Posted on Tue July 23, 2019.
- ¼ cup extra virgin olive oil
- 1 medium yellow or white onion, chopped
- 2 carrots, peeled and chopped
- 4 garlic cloves, pressed or minced
- 2 teaspoons ground cumin
- ½ teaspoon dried thyme
- 1 large can (28 ounces) diced tomatoes, lightly drained
- 1 cup brown or green lentils, picked over and rinsed
- 4 cups vegetable broth
- 2 cups water
- 1 teaspoon salt, more to taste
- Pinch of red pepper flakes
- Freshly ground black pepper, to taste
- Heat oil in a large pot over medium heat. Add garlic and onion, cook for 2 minutes.
- Add cumin, diced tomatoes and carrot peeled and chopped.
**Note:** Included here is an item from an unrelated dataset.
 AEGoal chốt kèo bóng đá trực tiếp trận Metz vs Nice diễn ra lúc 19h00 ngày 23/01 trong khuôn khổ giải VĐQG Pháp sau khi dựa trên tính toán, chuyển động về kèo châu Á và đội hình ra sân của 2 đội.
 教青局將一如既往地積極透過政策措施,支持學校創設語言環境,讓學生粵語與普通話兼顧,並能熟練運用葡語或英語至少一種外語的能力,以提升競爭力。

Cook for 7 - 10 minutes or until softened and the onion is sweet.
- Add all remaining ingredients including vegetable broth and black pepper whole and salt. Stir.
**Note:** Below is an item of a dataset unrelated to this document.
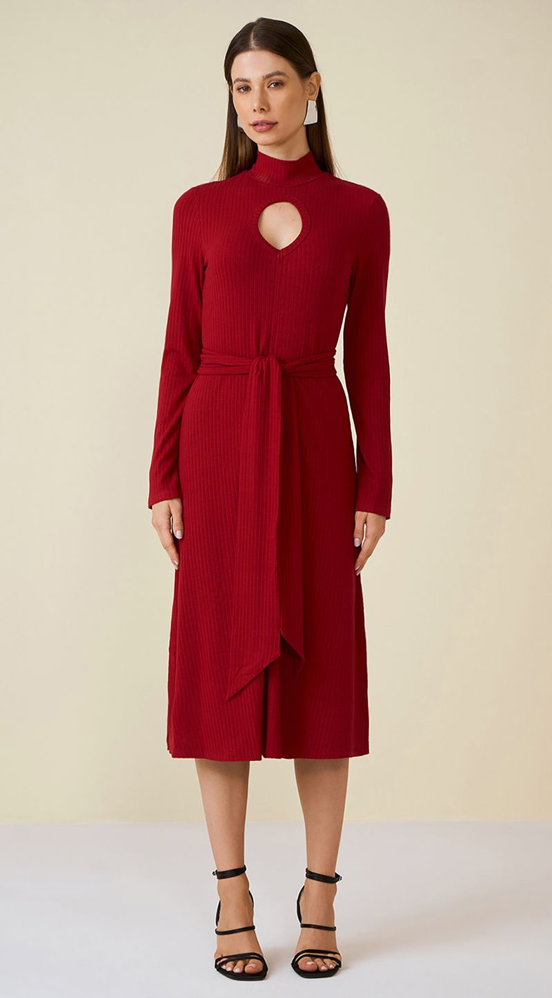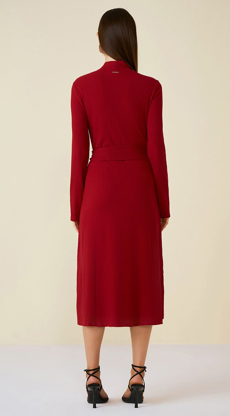 Vestido Maria.Valentina Midi Gola Alta Com Faixa Vermelho

- Increase heat and bring to a simmer. Scoop scum on the surface off and discard. Place lid on and turn heat down to medium low. Simmer for 35 - 40 minutes or until lentils are soft.
- Thicken Soup: Using a stick blender, do 2 or 3 quick whizzes to thicken the soup. Or transfer 2 cups to a blender, let it cool slightly, blend then transfer back into pot.
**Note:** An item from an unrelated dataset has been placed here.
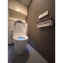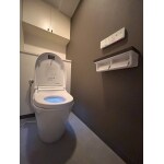 老朽化したトイレを、すっきりとした形にグレードアップさせたい!とリフォームを承りました。 凹凸の少ないフォルムをお気に召されてサティスのSタイプを選定。マンションへの設置であったため事前に水圧検査を行い、充分な水圧であることを確認してから工事に取り掛かりました。 シックながらも暗すぎない内装を目指し、アクセントクロスにはダークブラウンを採用。見える面積が広いサイドへと施工したところがポイントです。クッションフロアには空間に馴染むグレーを。ハニカムコンク柄で流行を取入れました。 内装の交換に伴い、ペーパーホルダーやタオル掛けなどのアクセサリーの交換を合わせて提案。空間全体がまとまり、落着きのあるシックな雰囲気になりました。

- Add a touch of water if you want to adjust soup consistency. Season to taste with salt and pepper. Use red pepper flakes just before serving. Garnish with parsley if desired and serve with warm crusty bread slathered liberally with butter!
- Lentils: This should work with any type of lentils except Puy Lentils (French lentils, small dark brown/black ones because they hold their shape). Red, yellow, brown, green. The colour of the soup will just be a bit different.
- Storage: This freezes extremely well! Or keeps in the fridge.